大相撲の荒磯親方(元横綱稀勢の里)が5日、TBSラジオ「元横綱稀勢の里 荒磯親方のスポーツキュリオシティ!」(午後5時)の初回放送に出演した。昨年春に早大大学院スポーツ科学研究科の修士課程1年制に進学した同級生で、同番組でパートナーを務めるTBS伊藤隆佑アナウンサーと、軽快なトークを披露した。

8月1日付で田子ノ浦部屋から独立して、地元・茨城に荒磯部屋を設立する同親方は、部屋運営のビジョンも語った。来年夏前後の部屋完成までは、同県つくば市の筑波大の中にある施設を使用する予定。相撲部屋は通常1部屋につき土俵は1つだが、荒磯親方は新設する部屋について「2面作りたいと考えている」とプランを練っている。アイデアは同県のJリーグチームから取ったという。「鹿島アントラーズですね、参考にさせてもらって。練習場が4面、5面あると話を聞いて。1面はジュニアの選手が練習して、こっちでトップ選手が練習するという。相撲にも使えるんじゃないかと。時間の効率も非常に良くなる。待ち時間もなくなる」とメリットを強調した。

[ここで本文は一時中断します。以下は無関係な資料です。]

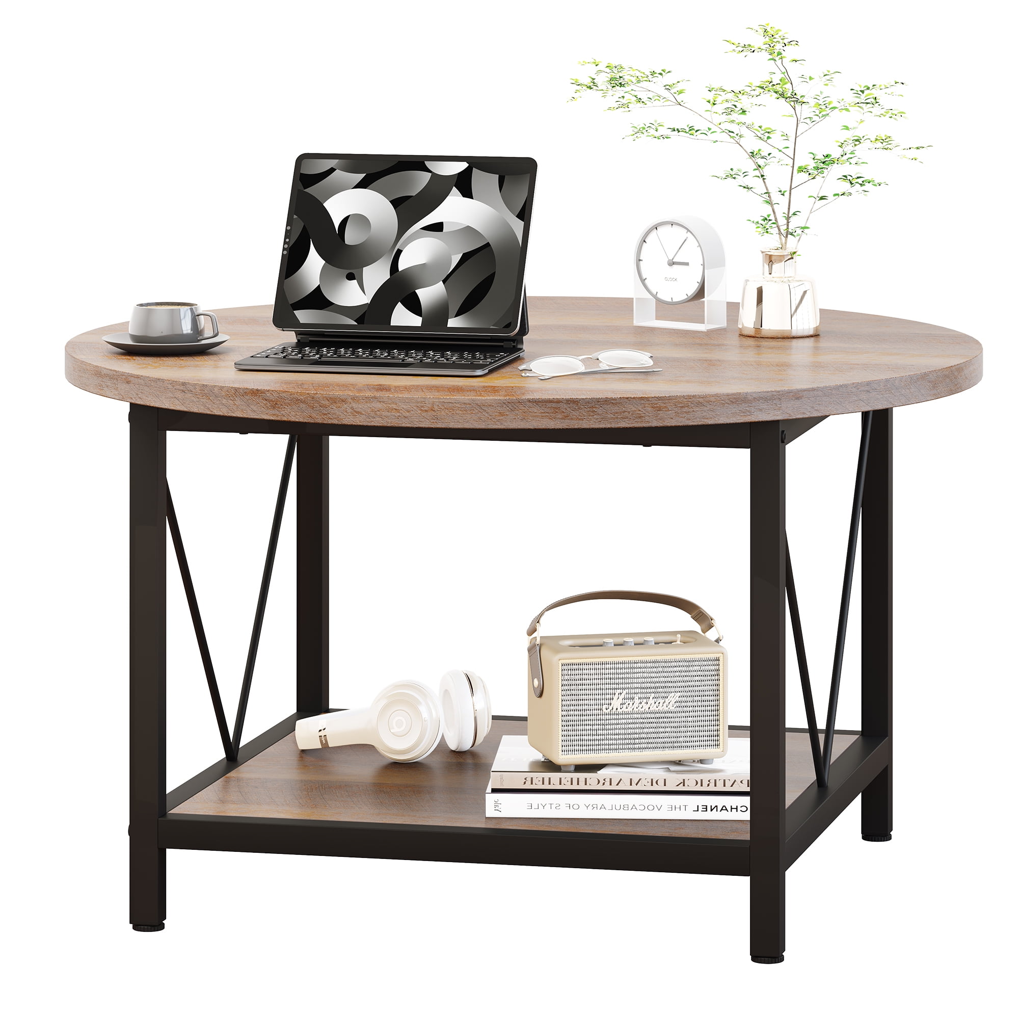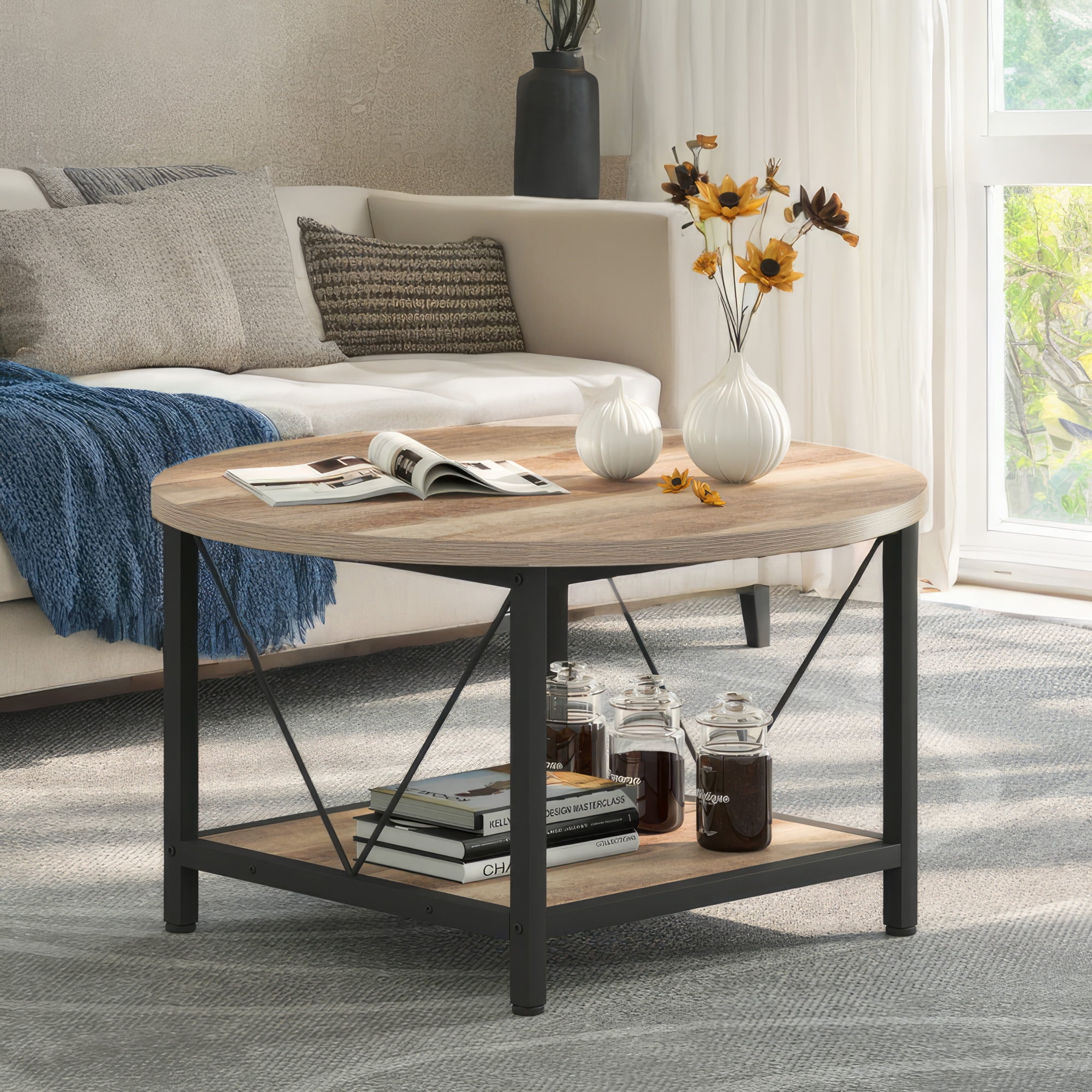 Dextrus Round Coffee Table with Storage, Rustic Living Room Tables with Sturdy Metal Legs, Gray Wash

わんぱく相撲の子どもたちにも、稽古に加わってもらいたいという思いがある。「隣でわんぱく相撲の子たちが稽古して、隣で関取が稽古することで、ああいうふうになりたいとなってくれれば。そういうところで(土俵の数は)1つより2つと考えた」と話した。

自身も小4のときにわんぱく相撲の全国大会に出場し、東京・両国国技館で相撲を取った。「そのときの衝撃、感動が忘れられず、その記憶だけで大相撲の世界に入った。やっぱり地元で相撲をやるところがなくて、一切相撲はやっていなかったけど、その記憶だけで。自分みたいな人もいると思う。体験させる、体感させることが将来の横綱を産めるチャンスかも分からない。そういう普及をすることも僕たちの使命だと思う」と話した。

荒磯親方は19年1月の初場所限りで現役を引退し、部屋付き親方として後進の指導にあたっていた。20年4月には、独立を見据えて早大大学院スポーツ科学研究科に入学。修士課程1年制を修了した今年3月には「新しい相撲部屋経営の在り方」をテーマにした修士論文が最優秀論文として表彰されていた。